Monday, March 29, 2010

bad romance

In Ariel Levy's chapter, "Pigs in Training" she discusses the overly-sexualized, but unsatisfied teenagers in america today. She interviews a male and a female about their experiences in high school with sexuality. Levy appears to be dumbfounded by this culture, she tries to find its origin, attempts to come up with solutions, but in the end, it seems as if she is solely rendered disgusted. I'm having a similar reaction. 

Here we have David, a popular, good-looking boy saying he doesn't understand why his female classmates dress so provocatively. Yet he still feeds into this culture, and makes no mention of an attempt to counteract it, by either telling his girl-friends his true feelings, or sharing them with his male friends. Then we have Anne, a popular, good-looking girl who openly admits to playing into this culture; dressing provocatively etc, in an effort to be accepted and gain attention. She is not necessarily promiscuous, she just gives off the vibe that she is.  But I am a different kind of dumbfounded than Levy appears to be, I'm not at a loss for understanding this culture, in fact I understand it all too well. I'm at a loss for why in gods name I participated in it. 

For most of my life I've just put it off as part of growing up. In middle school the girls are at the boys beck-and-call, not necessarily sexually, but with an undertone of sexuality. We wanted the boys to think we were hot, cool, and exciting. Why? I couldn't tell you. They were short and skinny and their voices were cracking. But still they commanded the hallways of my school. One boy could make any girl's life a nightmare at the drop of a hat, he just had to spread a rumor to a few of his friends and BOOM she was a leper. Too many of my friends were subject to this type of torment. The kids in my class were sexually active throughout our middle school years. But the discourse was never about sexual pleasure, in was merely boastful. For the life of me I cant understand why it was so feared to be considered "prude" (it was almost worse than being labeled as "slutty".) I guess it has something to do with the culture of youth. When we're younger everyone wants to be the same, we'd walk on fire to fit in, and then when we grow up, all we want to do is be different. Which is why the culture that Levy says our youth is participating in is so scary. If the "norm" is to sexualize yourself, whether you want, or are ready for, sex or not, then thats what everyone is going to do. Often times in our class discussions it seems as if the problems we analyze have no solution in sight. I feel as if, in the case of this issue, Levy is over-thinking it.

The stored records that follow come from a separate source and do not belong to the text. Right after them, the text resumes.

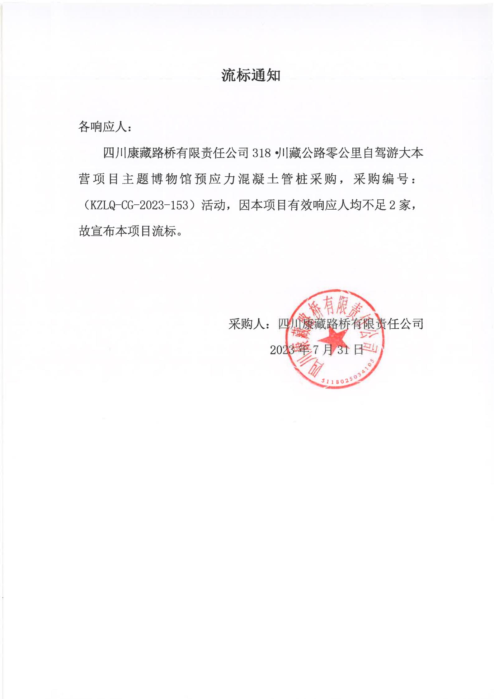 四川康藏路橋有限責任公司318·川藏公路零公里自駕游大本營項目主題博物館預(yù)應(yīng)力混凝土管樁采購流標通知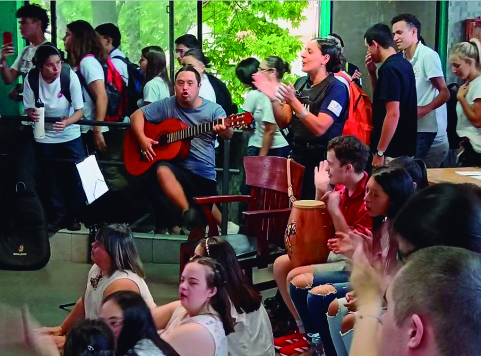 Se llevó a cabo un encuentro con 20 alumnos, padres, profesores e integrantes de Asociación Down, y 30 alumnos de 2° Bachillerato de Arte del Liceo IPOLL. Los alumnos de la asociación Down interpretaron diferentes canciones, acompañado de los instrumentos que tocan. “Las tonadas las terminaron cantando todos al unísono y se volvió un momento de mucha emoción y felicidad para todos los presentes. Se dedicaron palabras que surgían espontáneamente como ser felicidad, comprensión, amor y amistad.”, reza el comunicado de Policía Comunitaria. Cabe señalar que los chicos realizaron una muestra de los talleres de expresión que realizan y que van perfeccionando a medida que van encontrando espacios donde poder exponerlos.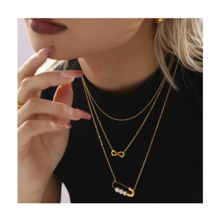 New Stainless Steel Natural Stone Freshwater Pearl Pin 8 Words Rice Beads Three-layer Necklace Does Not Fade Necklace Jewelry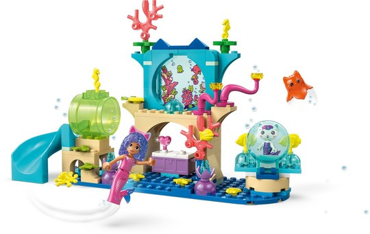 Гмурнете се в подводно приключение с Gabby, MerCat и многоцветни медузи! Gabby е облечена като русалка и е готова да изследва цветния аквариум, пълен с миди, растения и очарователен морски създания. Присъединете се към приятелите, докато се спускат по пързалката и плуват в гигантски балон, след което търсят миди и преместват корала, за да намерят скрит сандък със съкровища – точно като във филма!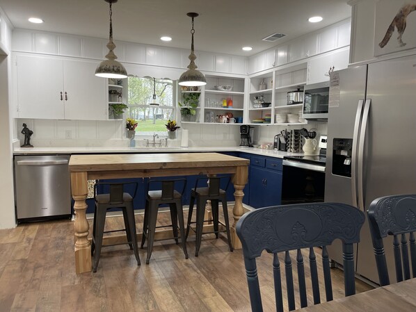 Fresh linens and towels are supplied. The kitchen is fully supplied with pots, pans, dishes, coffee pot, cups, silverware, bakeware, storage containers, crockpot, wine glasses, hand mixer, spice rack, and more!
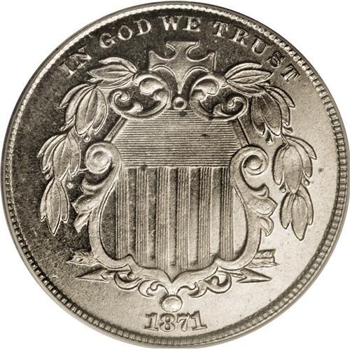 <B>1871<5C> PR66 Cameo PCGS.</B></I> This is a remarkable and highly desirable example with fully brilliant nickel-gray surfaces. The fields are deeply mirrored with excellent contrast. All of the design elements are fully detailed. This is a scarce date, and Gem business strikes are highly elusive, placing additional demand on high quality proof examples. Population: 9 in 66 Cameo, 0 finer (8/06).<BR><I>From The Troy Wiseman Collection.</B></I>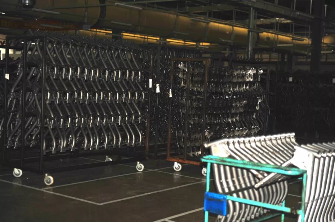 碩大的焊接車間里,不只是純粹的焊接,還有工裝維修區(qū)——車架的焊接精度事關重大,因此對焊接設備的工況要求極其苛刻。為杜絕工具在使用中因磨損導致的偏差,每一個批次的生產(chǎn)完成后,技術人員就會對工具進行檢測和調試;新員工焊接實習區(qū)——新員工在此進行上崗前的技能培訓和實習,合格后才有資格站在工位上。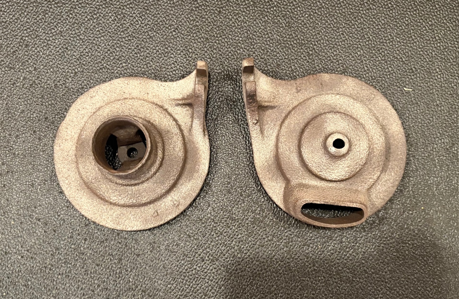 Pair of cast muffler ends. From what I can tell they are 1917-1920 style. Both have pitting.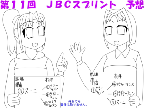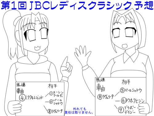 今日はJBCの予想だけ。 | ■「JBCスプリント予想」 ■「JBCレディスクラシック予想」 レディスクラシックは新設重賞なんですけどね。格付けもされてないんだけど、第一回記念って事で。 10月4日 誰かに届く明日がきっとある |

  We frequently suggest that teachers and administrators should change their methods, we say that they are to blame. Then, we put the blame on the parents, then we jump to the untouchable devil, the media. I think we're overlooking a potentially viable source of change. The influential kids. The kids who "run the show" at their schools, they influence their peers in ways that no ones willing to admit, but that is clear to all. At times, these students are even more powerful than the teachers. They set the tone, they decide what is cool. Sure, they may be getting these negative messages from the media, but trying to control the  media is a burden that few are willing to take on. This suggestion is a bit outside the box, its unconventional, not traditional and provocative,  but you gotta take risks to have change. If teachers spent some time with these influential students individually, reached out to them, gave them some positive attention, perhaps they could deliver a better message to them about sexuality, that they could pass on to their classmates. Though this appears to be promoting some sort of hierarchy, I think it could be worth a shot.

On another note, I really enjoyed Walker's article "Why I Fight Back". I've been raised to believe that violence is never the answer, that fighting "fire with fire" deems no positive solutions. Though Walker's article is promoting the opposite sentiment, it made me look at the issue from another angle. After reading Brownmiller's essay on rape, in which she states that it is just another tool of patriarchal society utilized to frighten and oppress women, I realized that it isn't necessarily the act of fighting back that is important, but the ability to do so. Walker has never had to use her karate skills, but her confidence has grown immensely since obtaining them. If patriarchal society is a mindset, a notion that men are more dominant, then an opposition to this society can also be as simple as a mindset, knowing that you are capable is more important than actually hurting an attacker.

Finally, Morgan's article "Don't Call Me a Survivor". I agree with Alex when he says that this is one of the more disturbing articles that we've read. I literally can't fathom this woman's pain. The physical pain of the act, but more profoundly the years and years that she will need to cope with the resulting emotional pain. The article was almost too devastating to finish. I don't really know how to summarize my thoughts on her experiences, I feel I won't do them justice. I am, however, really interested to see how my male classmates will react to this article. I look forward to hearing their responses tomorrow.